* [Work to complete]: From the line below containing "Vertical Technician in" to the final line, print each line exactly as written. No pictures belong in the copy.

——

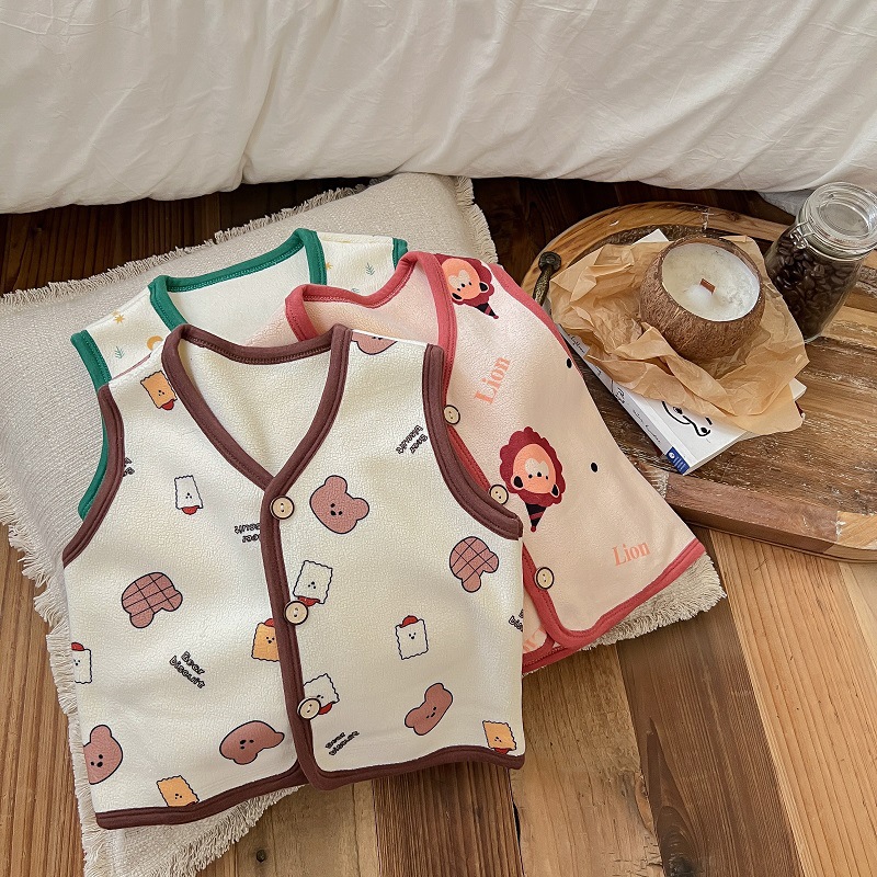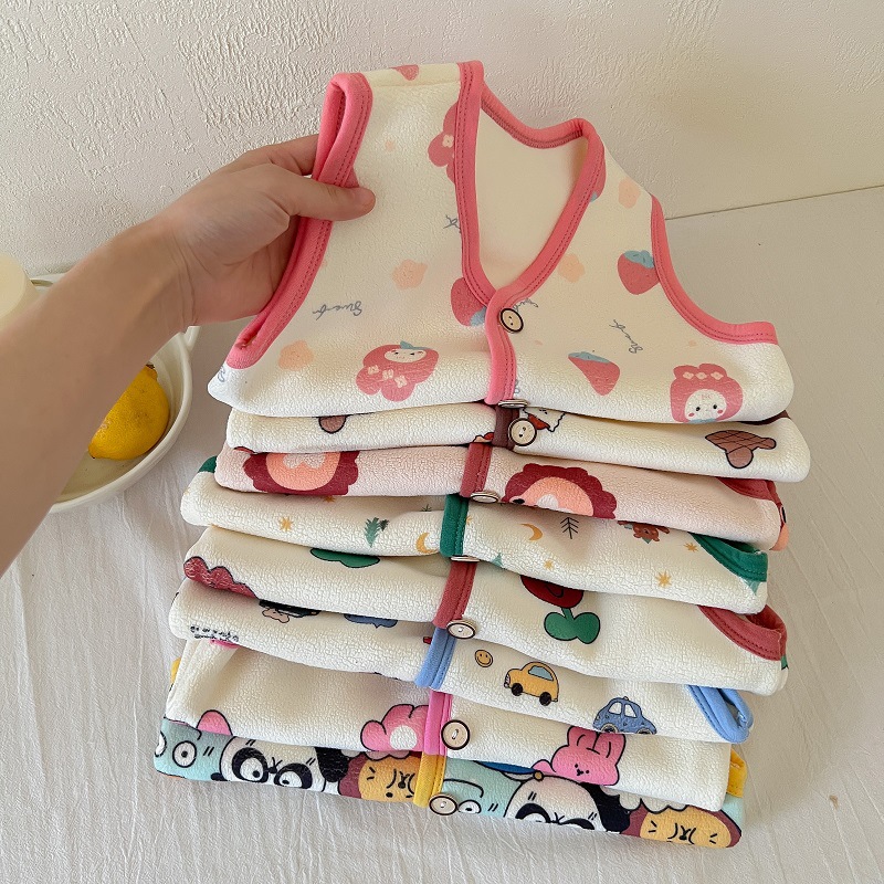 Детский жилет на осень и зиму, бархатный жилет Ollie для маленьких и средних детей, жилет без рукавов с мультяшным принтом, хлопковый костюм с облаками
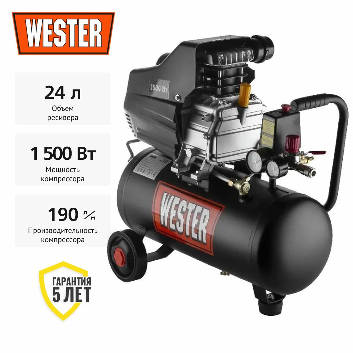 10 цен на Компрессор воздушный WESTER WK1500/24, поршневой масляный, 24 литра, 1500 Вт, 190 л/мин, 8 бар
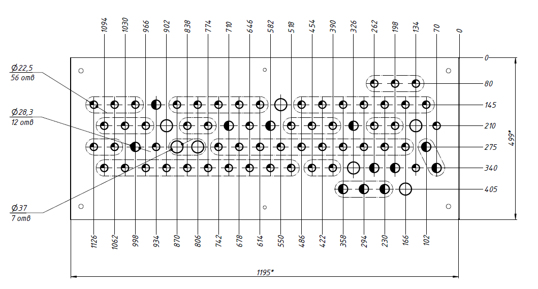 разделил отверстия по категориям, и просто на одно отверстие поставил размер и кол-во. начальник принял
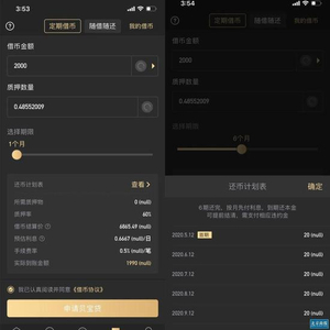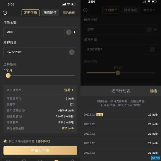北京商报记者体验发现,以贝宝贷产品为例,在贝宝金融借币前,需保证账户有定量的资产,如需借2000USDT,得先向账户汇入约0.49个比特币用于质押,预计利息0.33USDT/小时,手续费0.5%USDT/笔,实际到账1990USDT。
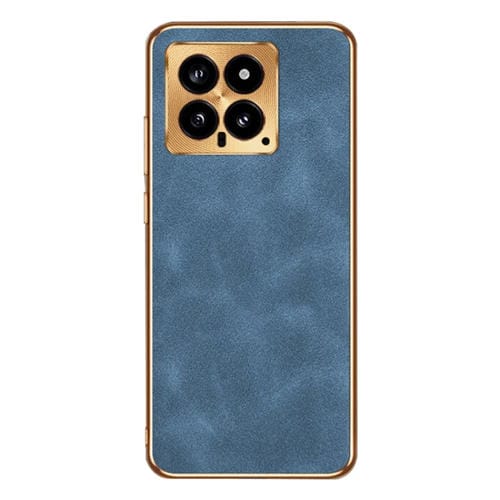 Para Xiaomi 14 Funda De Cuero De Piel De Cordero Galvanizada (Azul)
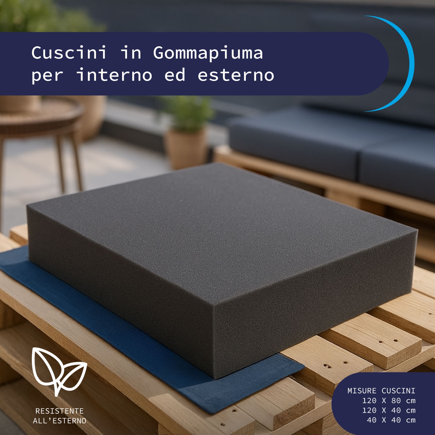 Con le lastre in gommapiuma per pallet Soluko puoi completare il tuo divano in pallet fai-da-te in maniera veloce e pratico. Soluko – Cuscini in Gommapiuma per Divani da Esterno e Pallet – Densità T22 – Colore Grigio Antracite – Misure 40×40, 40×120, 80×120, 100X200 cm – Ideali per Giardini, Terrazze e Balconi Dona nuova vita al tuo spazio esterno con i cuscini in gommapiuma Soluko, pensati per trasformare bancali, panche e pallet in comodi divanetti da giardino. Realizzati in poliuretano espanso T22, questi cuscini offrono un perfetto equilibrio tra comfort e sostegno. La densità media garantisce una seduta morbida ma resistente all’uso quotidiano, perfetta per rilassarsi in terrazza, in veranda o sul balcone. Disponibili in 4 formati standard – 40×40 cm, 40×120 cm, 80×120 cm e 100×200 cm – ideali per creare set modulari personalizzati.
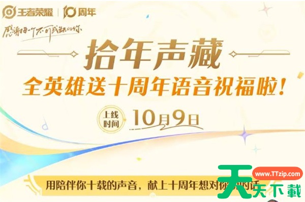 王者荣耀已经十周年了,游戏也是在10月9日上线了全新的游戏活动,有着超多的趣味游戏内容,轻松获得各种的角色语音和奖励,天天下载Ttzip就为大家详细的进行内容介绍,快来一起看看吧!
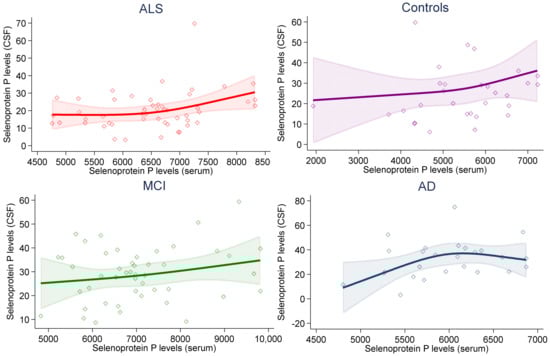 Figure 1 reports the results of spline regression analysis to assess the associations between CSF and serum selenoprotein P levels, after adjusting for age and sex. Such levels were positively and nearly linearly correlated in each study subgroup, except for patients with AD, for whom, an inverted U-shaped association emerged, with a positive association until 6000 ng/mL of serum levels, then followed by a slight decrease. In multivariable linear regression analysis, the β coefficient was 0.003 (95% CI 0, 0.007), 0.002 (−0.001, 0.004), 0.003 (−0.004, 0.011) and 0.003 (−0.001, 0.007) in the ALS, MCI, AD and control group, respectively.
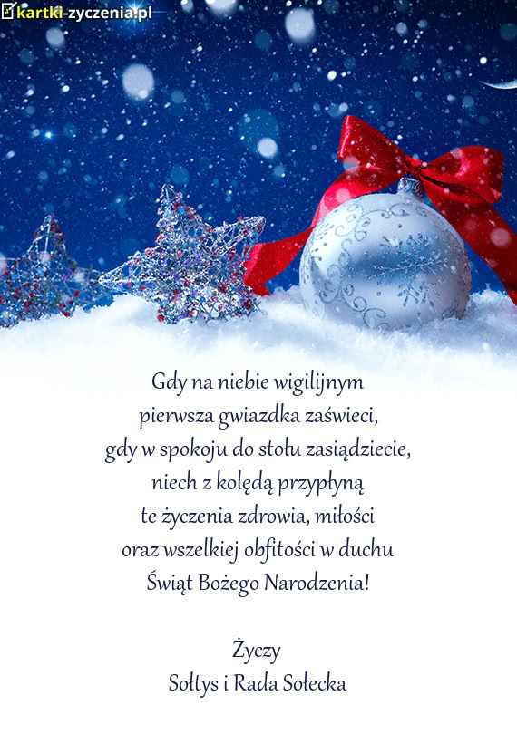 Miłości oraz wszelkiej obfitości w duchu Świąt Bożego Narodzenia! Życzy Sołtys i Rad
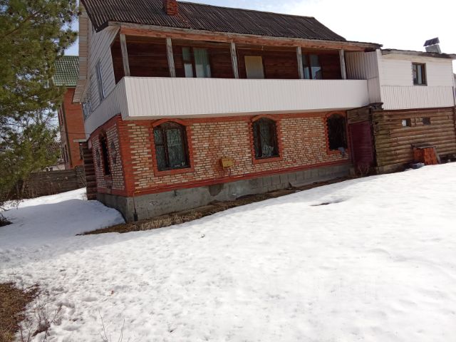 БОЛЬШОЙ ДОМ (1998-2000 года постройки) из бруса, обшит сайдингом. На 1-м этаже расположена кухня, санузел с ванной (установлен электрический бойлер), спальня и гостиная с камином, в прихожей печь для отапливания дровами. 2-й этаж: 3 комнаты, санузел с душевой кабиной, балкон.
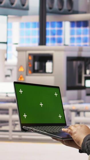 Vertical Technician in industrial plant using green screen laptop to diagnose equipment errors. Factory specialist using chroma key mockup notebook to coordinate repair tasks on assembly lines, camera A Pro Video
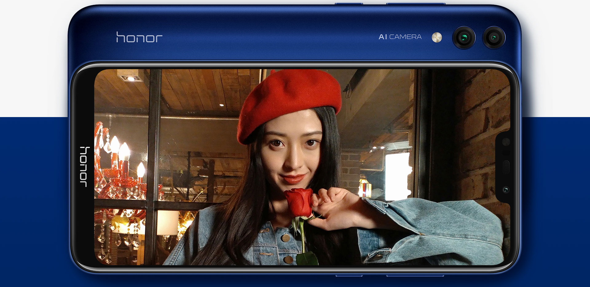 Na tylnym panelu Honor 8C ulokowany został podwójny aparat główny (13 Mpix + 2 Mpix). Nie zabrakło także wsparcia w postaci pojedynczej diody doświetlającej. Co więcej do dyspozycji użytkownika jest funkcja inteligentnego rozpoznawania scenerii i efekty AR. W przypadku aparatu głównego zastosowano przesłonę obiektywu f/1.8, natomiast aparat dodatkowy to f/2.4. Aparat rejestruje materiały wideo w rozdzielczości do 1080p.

——

* [Response below]:
 Vertical Technician in industrial plant using green screen laptop to diagnose equipment errors. Factory specialist using chroma key mockup notebook to coordinate repair tasks on assembly lines, camera A Pro Video
 Na tylnym panelu Honor 8C ulokowany został podwójny aparat główny (13 Mpix + 2 Mpix). Nie zabrakło także wsparcia w postaci pojedynczej diody doświetlającej. Co więcej do dyspozycji użytkownika jest funkcja inteligentnego rozpoznawania scenerii i efekty AR. W przypadku aparatu głównego zastosowano przesłonę obiektywu f/1.8, natomiast aparat dodatkowy to f/2.4. Aparat rejestruje materiały wideo w rozdzielczości do 1080p.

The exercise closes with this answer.